The task - Among the lines below, output only those between the line holding "进入学区划分查询入口后,选择" and the line holding "Jika melihat foto", inclusive, exactly as written and with no pictures.

Data shown -

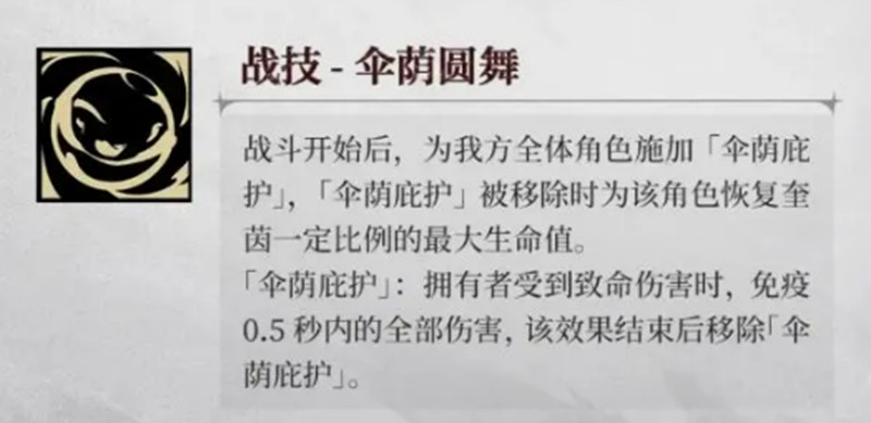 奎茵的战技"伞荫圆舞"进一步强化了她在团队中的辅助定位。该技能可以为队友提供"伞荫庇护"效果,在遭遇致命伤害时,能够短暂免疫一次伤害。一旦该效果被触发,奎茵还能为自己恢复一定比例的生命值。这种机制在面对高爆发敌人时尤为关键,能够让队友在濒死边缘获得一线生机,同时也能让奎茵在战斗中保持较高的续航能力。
* * *
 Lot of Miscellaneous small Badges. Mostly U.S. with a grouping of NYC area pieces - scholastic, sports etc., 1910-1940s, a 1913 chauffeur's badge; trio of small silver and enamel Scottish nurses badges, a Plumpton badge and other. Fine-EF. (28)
...
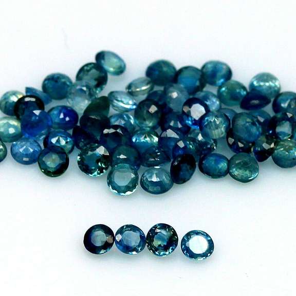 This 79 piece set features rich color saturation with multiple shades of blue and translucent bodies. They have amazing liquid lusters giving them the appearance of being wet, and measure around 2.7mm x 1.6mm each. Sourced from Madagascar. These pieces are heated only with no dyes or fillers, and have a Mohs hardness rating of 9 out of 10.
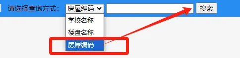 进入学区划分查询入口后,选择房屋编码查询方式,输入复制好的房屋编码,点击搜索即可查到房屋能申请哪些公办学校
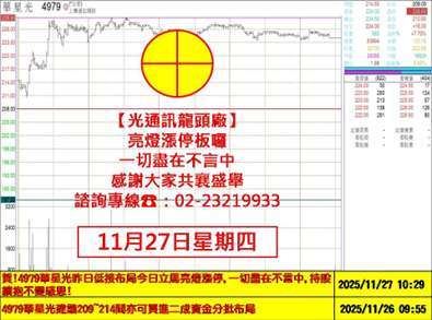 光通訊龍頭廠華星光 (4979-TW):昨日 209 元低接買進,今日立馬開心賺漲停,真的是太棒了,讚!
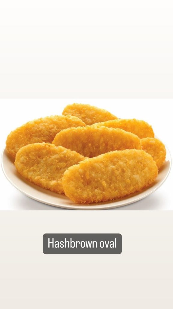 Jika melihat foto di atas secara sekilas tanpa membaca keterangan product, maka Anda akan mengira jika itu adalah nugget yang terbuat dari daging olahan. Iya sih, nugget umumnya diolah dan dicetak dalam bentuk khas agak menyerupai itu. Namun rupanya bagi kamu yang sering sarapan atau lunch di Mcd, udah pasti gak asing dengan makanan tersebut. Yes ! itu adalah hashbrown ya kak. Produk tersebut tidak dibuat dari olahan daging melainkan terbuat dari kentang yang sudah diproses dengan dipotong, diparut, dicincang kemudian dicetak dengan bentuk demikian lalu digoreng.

Exercise response -
 进入学区划分查询入口后,选择房屋编码查询方式,输入复制好的房屋编码,点击搜索即可查到房屋能申请哪些公办学校
 光通訊龍頭廠華星光 (4979-TW):昨日 209 元低接買進,今日立馬開心賺漲停,真的是太棒了,讚!
 Jika melihat foto di atas secara sekilas tanpa membaca keterangan product, maka Anda akan mengira jika itu adalah nugget yang terbuat dari daging olahan. Iya sih, nugget umumnya diolah dan dicetak dalam bentuk khas agak menyerupai itu. Namun rupanya bagi kamu yang sering sarapan atau lunch di Mcd, udah pasti gak asing dengan makanan tersebut. Yes ! itu adalah hashbrown ya kak. Produk tersebut tidak dibuat dari olahan daging melainkan terbuat dari kentang yang sudah diproses dengan dipotong, diparut, dicincang kemudian dicetak dengan bentuk demikian lalu digoreng.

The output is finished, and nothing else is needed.